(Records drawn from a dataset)
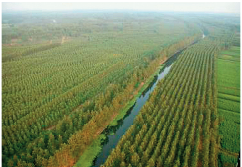
图16-1 废黄河沿线杨树林

1996年设区市成立后，市委、市政府把发展战略定位为“森林式、环保型、园林化、可持续发展的湖滨生态城市”。每年植树节前后，市党政主要领导都参加义务植树活动。市绿化委员会办公室每年年初都发出做好义务植树组织发动和绿化管护工作的通知。2001年起，全市持续开展“杨树产业年活动”。同年，全市成片林面积发展到800平方千米，农田林网580万棵，四旁树保存1亿棵，林木覆盖率16.2%。2005年，市政府出台《宿迁市贯彻〈江苏省全民义务植树条例〉实施办法》。2006年，市政府出台《宿迁市绿地认建认养实施办法》，规定在城市规划区范围内的公园、街头绿地、居住小区绿地、道路绿地、大环境片林以及古树名木，都可以由单位或个人认建和认养。每年植树节期间，各级绿委办公室都要组织形式多样的义务植树活动和各类“主题”活动。至2011年，全市拥有林地2013平方千米，建成高标准农田林网4133平方千米，活立木蓄积210万立方米，森林覆盖率达27.22%。成片林267.58平方千米，活立木蓄积1532.78万立方米，林木覆盖率达到28.18%。全市全民义务植树工作已形成制度化、规范化、法制化。全市义
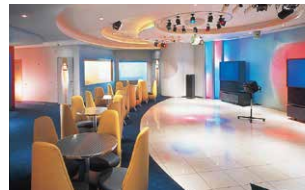
カラオケ「タイムカプセル」
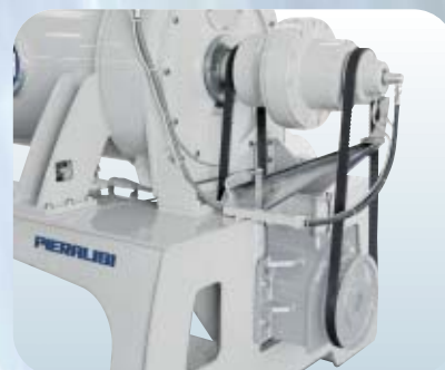
Particolare Rotovariatore e riduttore - Detail of Rotovariator and reduction gear - Vue du Roto-variateur et du réducteur

Le ROTO-VARIATEUR électronique consomme peu d'énergie car l'énergie absorbée est restituée au moteur principal.
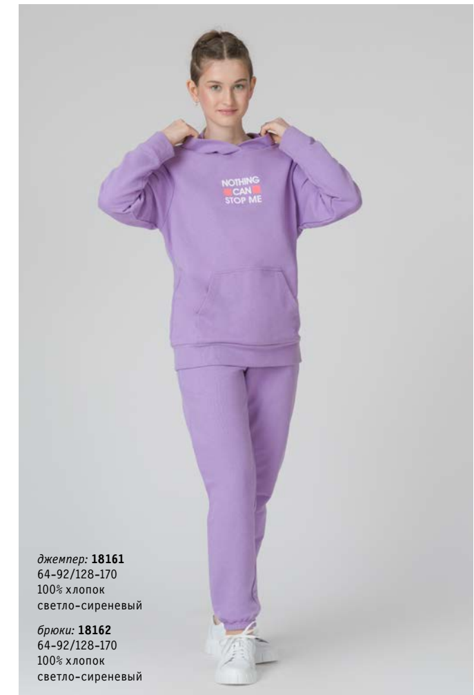
джерсер: 18161 64-92/128-170 100% хлопок светло-сиреневый брюки: 18162 64-92/128-170 100% хлопок светло-сиреневый
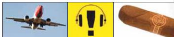
Get en rebus.
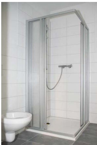
Manche der neuen Bäder sind mit neuen Duschkabinen und andere mit neuen Badewannen ausgestattet. Die Wände sind mit großformatigen, hellen Fliesen gestaltet.
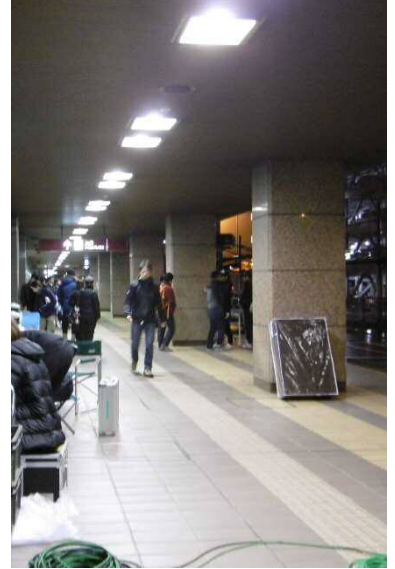
県営名古屋空港は「羽田空港」へ
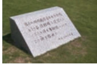
⑱第18回国民体育大会会 場建設の陸上自衛隊整地 の碑 (1962) 第18回国体会場として陸 上競技場建設時に陸上自 衛隊が整地
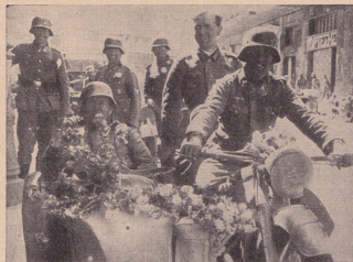
Германски войски въ Атина

Тамъ при Галиполи не бѣ поле на военни добродетели. Тамъ стърчи мрачния паметникъ на „военния гений“ на Чърчилъ, чиято глупостъ бѣ изкупена съ цената на хиляди човѣшки живота.
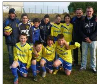
Les U13 de Milizac, vainqueurs en 2013

Un chapiteau de 200 m 2 permettra aux personnes présentes de se restaurer dans de bonnes conditions.
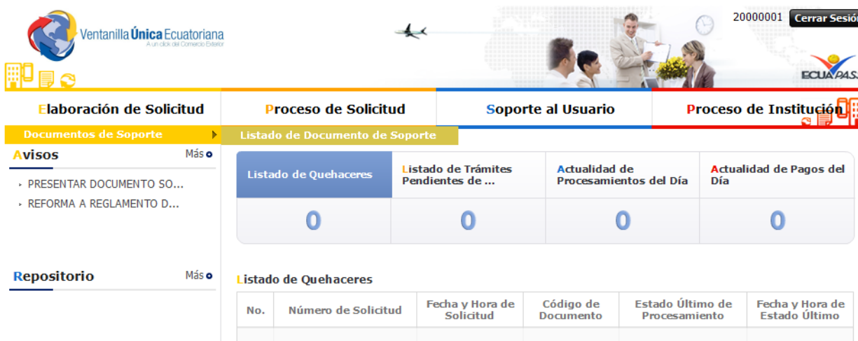
Gráfico N° 2: Sistema ECUAPASS – Ingreso

Exercise aim:
Please print the data above once more, exactly as it appears, with no pictures.

Written answer:
图16-1 废黄河沿线杨树林

1996年设区市成立后，市委、市政府把发展战略定位为“森林式、环保型、园林化、可持续发展的湖滨生态城市”。每年植树节前后，市党政主要领导都参加义务植树活动。市绿化委员会办公室每年年初都发出做好义务植树组织发动和绿化管护工作的通知。2001年起，全市持续开展“杨树产业年活动”。同年，全市成片林面积发展到800平方千米，农田林网580万棵，四旁树保存1亿棵，林木覆盖率16.2%。2005年，市政府出台《宿迁市贯彻〈江苏省全民义务植树条例〉实施办法》。2006年，市政府出台《宿迁市绿地认建认养实施办法》，规定在城市规划区范围内的公园、街头绿地、居住小区绿地、道路绿地、大环境片林以及古树名木，都可以由单位或个人认建和认养。每年植树节期间，各级绿委办公室都要组织形式多样的义务植树活动和各类“主题”活动。至2011年，全市拥有林地2013平方千米，建成高标准农田林网4133平方千米，活立木蓄积210万立方米，森林覆盖率达27.22%。成片林267.58平方千米，活立木蓄积1532.78万立方米，林木覆盖率达到28.18%。全市全民义务植树工作已形成制度化、规范化、法制化。全市义
カラオケ「タイムカプセル」
Particolare Rotovariatore e riduttore - Detail of Rotovariator and reduction gear - Vue du Roto-variateur et du réducteur

Le ROTO-VARIATEUR électronique consomme peu d'énergie car l'énergie absorbée est restituée au moteur principal.
джерсер: 18161 64-92/128-170 100% хлопок светло-сиреневый брюки: 18162 64-92/128-170 100% хлопок светло-сиреневый
Get en rebus.
Manche der neuen Bäder sind mit neuen Duschkabinen und andere mit neuen Badewannen ausgestattet. Die Wände sind mit großformatigen, hellen Fliesen gestaltet.
県営名古屋空港は「羽田空港」へ
⑱第18回国民体育大会会 場建設の陸上自衛隊整地 の碑 (1962) 第18回国体会場として陸 上競技場建設時に陸上自 衛隊が整地
Германски войски въ Атина

Тамъ при Галиполи не бѣ поле на военни добродетели. Тамъ стърчи мрачния паметникъ на „военния гений“ на Чърчилъ, чиято глупостъ бѣ изкупена съ цената на хиляди човѣшки живота.
Les U13 de Milizac, vainqueurs en 2013

Un chapiteau de 200 m 2 permettra aux personnes présentes de se restaurer dans de bonnes conditions.
Gráfico N° 2: Sistema ECUAPASS – Ingreso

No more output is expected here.